Supplied material –
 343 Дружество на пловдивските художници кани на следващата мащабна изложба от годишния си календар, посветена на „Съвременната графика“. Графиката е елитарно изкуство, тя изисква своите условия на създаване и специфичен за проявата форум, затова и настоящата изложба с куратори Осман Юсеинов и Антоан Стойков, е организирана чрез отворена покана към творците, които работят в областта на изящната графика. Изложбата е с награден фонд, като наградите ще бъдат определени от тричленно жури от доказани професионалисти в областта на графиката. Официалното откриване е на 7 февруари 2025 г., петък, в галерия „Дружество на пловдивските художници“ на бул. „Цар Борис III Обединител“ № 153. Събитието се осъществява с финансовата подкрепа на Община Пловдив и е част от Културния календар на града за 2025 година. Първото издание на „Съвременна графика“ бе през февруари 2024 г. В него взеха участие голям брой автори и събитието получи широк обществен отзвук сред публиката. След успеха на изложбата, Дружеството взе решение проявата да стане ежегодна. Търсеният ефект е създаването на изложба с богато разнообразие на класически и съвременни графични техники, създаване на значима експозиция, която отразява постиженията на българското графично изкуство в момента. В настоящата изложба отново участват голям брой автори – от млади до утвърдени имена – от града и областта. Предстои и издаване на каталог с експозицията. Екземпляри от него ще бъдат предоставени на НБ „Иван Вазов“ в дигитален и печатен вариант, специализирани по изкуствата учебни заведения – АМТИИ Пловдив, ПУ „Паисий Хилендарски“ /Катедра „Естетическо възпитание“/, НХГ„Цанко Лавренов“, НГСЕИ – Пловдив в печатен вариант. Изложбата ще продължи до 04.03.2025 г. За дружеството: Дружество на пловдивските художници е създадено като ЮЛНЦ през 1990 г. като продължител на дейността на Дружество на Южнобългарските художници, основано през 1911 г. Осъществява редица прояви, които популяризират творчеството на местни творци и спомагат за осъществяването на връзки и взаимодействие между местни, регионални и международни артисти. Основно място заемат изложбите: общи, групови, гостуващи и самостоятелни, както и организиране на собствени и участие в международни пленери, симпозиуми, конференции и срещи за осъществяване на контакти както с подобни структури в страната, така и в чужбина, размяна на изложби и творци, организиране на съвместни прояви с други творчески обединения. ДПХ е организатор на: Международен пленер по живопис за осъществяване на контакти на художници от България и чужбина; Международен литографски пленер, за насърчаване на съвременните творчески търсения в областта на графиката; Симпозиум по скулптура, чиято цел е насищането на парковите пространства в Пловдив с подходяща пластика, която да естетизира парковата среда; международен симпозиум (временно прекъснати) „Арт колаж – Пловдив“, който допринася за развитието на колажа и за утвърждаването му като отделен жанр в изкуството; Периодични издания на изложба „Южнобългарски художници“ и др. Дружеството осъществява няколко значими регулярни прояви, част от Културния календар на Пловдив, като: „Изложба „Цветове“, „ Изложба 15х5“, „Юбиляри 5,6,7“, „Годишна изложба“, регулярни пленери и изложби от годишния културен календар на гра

* * *

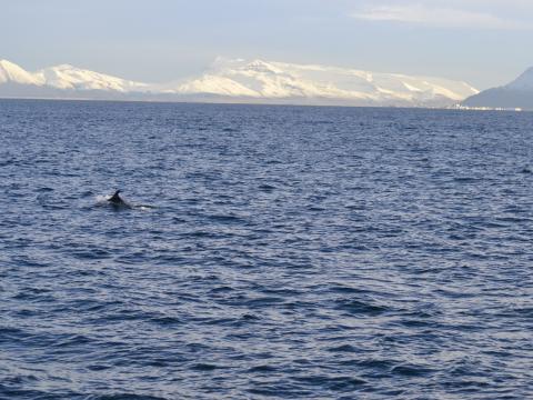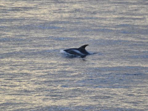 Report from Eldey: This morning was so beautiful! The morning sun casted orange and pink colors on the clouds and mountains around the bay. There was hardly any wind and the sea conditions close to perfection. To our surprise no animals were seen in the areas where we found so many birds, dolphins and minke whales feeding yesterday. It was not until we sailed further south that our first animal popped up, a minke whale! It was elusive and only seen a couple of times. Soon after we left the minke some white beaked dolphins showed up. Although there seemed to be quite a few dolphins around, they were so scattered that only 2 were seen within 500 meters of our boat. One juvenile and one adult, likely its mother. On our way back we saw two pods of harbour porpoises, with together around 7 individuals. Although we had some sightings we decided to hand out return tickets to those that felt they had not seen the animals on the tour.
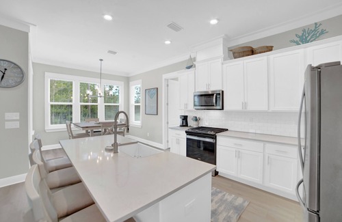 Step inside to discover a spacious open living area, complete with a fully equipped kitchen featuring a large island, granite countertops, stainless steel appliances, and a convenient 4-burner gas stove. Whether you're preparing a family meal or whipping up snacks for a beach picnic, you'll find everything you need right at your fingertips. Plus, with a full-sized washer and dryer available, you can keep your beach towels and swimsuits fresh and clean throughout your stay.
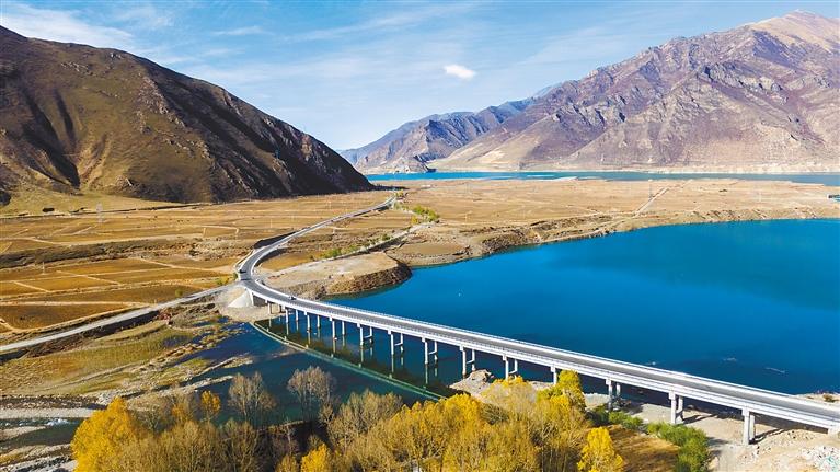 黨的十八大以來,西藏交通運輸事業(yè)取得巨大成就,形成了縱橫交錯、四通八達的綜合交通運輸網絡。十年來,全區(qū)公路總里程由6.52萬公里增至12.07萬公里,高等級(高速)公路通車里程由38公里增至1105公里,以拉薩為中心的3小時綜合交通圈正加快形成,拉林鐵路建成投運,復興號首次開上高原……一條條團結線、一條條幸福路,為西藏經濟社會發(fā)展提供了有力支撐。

What the exercise asks –
Reproduce the listing above only between the lines holding "Report from Eldey: This" and "黨的十八大以來,西藏交通運輸", inclusive. Every line must match exactly, and pictures are dropped.

Task response –
 Report from Eldey: This morning was so beautiful! The morning sun casted orange and pink colors on the clouds and mountains around the bay. There was hardly any wind and the sea conditions close to perfection. To our surprise no animals were seen in the areas where we found so many birds, dolphins and minke whales feeding yesterday. It was not until we sailed further south that our first animal popped up, a minke whale! It was elusive and only seen a couple of times. Soon after we left the minke some white beaked dolphins showed up. Although there seemed to be quite a few dolphins around, they were so scattered that only 2 were seen within 500 meters of our boat. One juvenile and one adult, likely its mother. On our way back we saw two pods of harbour porpoises, with together around 7 individuals. Although we had some sightings we decided to hand out return tickets to those that felt they had not seen the animals on the tour.
 Step inside to discover a spacious open living area, complete with a fully equipped kitchen featuring a large island, granite countertops, stainless steel appliances, and a convenient 4-burner gas stove. Whether you're preparing a family meal or whipping up snacks for a beach picnic, you'll find everything you need right at your fingertips. Plus, with a full-sized washer and dryer available, you can keep your beach towels and swimsuits fresh and clean throughout your stay.
 黨的十八大以來,西藏交通運輸事業(yè)取得巨大成就,形成了縱橫交錯、四通八達的綜合交通運輸網絡。十年來,全區(qū)公路總里程由6.52萬公里增至12.07萬公里,高等級(高速)公路通車里程由38公里增至1105公里,以拉薩為中心的3小時綜合交通圈正加快形成,拉林鐵路建成投運,復興號首次開上高原……一條條團結線、一條條幸福路,為西藏經濟社會發(fā)展提供了有力支撐。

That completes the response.